07 April 2015 14:28:25 IST

Rankings aren't top priority while opting a B-school: GMAC

School websites, and friends and family are reliable sources of information

Students don't consider B-school rankings the most important criteria while selecting a school, according to the Graduate Management Admission Council’s (GMAC) 2015 Prospective Students Survey Report.

The survey of nearly 12,000 registrants on GMAC’s mba.com website shows published rankings do influence candidates’ school choices but is overall only the third most consulted information resource. For prospective students, school websites, and friends and family are reliable sources of information.

More than half the prospective students (52 per cent) seek to study outside their country of citizenship. The top 10 preferred study destinations worldwide are the US, United Kingdom, Canada, France, India, Hong Kong, Germany, Singapore, Netherlands, and Australia.

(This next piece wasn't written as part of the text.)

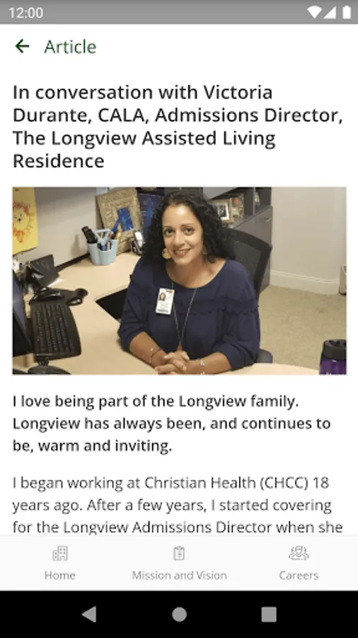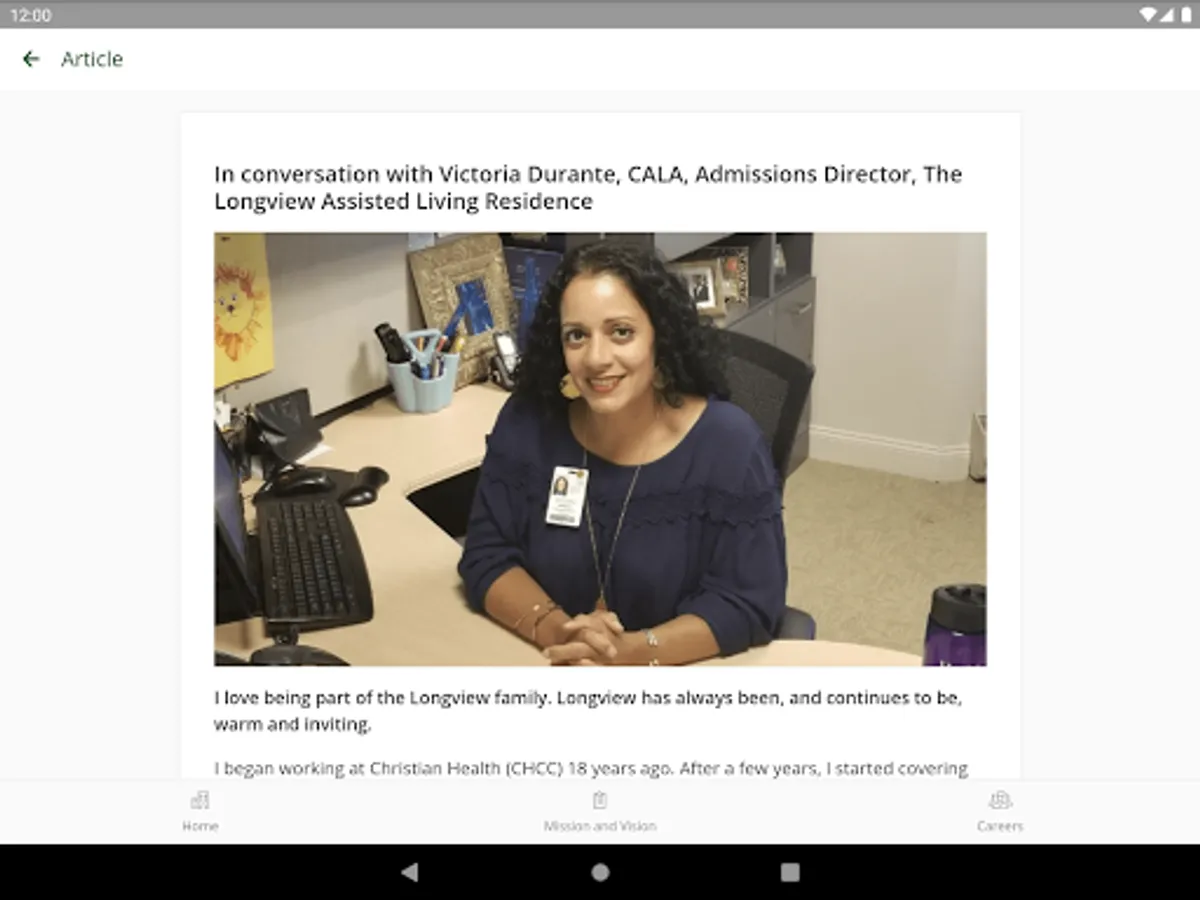 • News - stay up to date with the latest news. Push notifications allow you to see exciting updates at Christian Health.

“Given the degree to which school rankings dominate the discussion, it is interesting that as their decision making progresses, students themselves say that rankings fall in importance,” said Gregg Schoenfeld, GMAC’s director of Management Education Research in a statement. An interesting finding focuses on aspiring entrepreneurs, with 28 per cent of survey respondents indicating that they plan to start their own businesses compared with 19 per cent just five years ago. Respondents in Africa (45 per cent), Latin America (44 per cent) and Central and South Asia including India (43 per cent) led this segment.

The report also reveals, even as business school portfolios of Masters programmes continue to diversify, MBA programmes are exclusively considered by half (52 per cent) of prospective students, globally.

Financial issues remain the most prominent reservation among all prospective students; 48 per cent of candidates say attending business school requires more money than they have available and 44 per cent are hesitant about taking on a large financial debt. Both of these figures have declined, however, since 2010.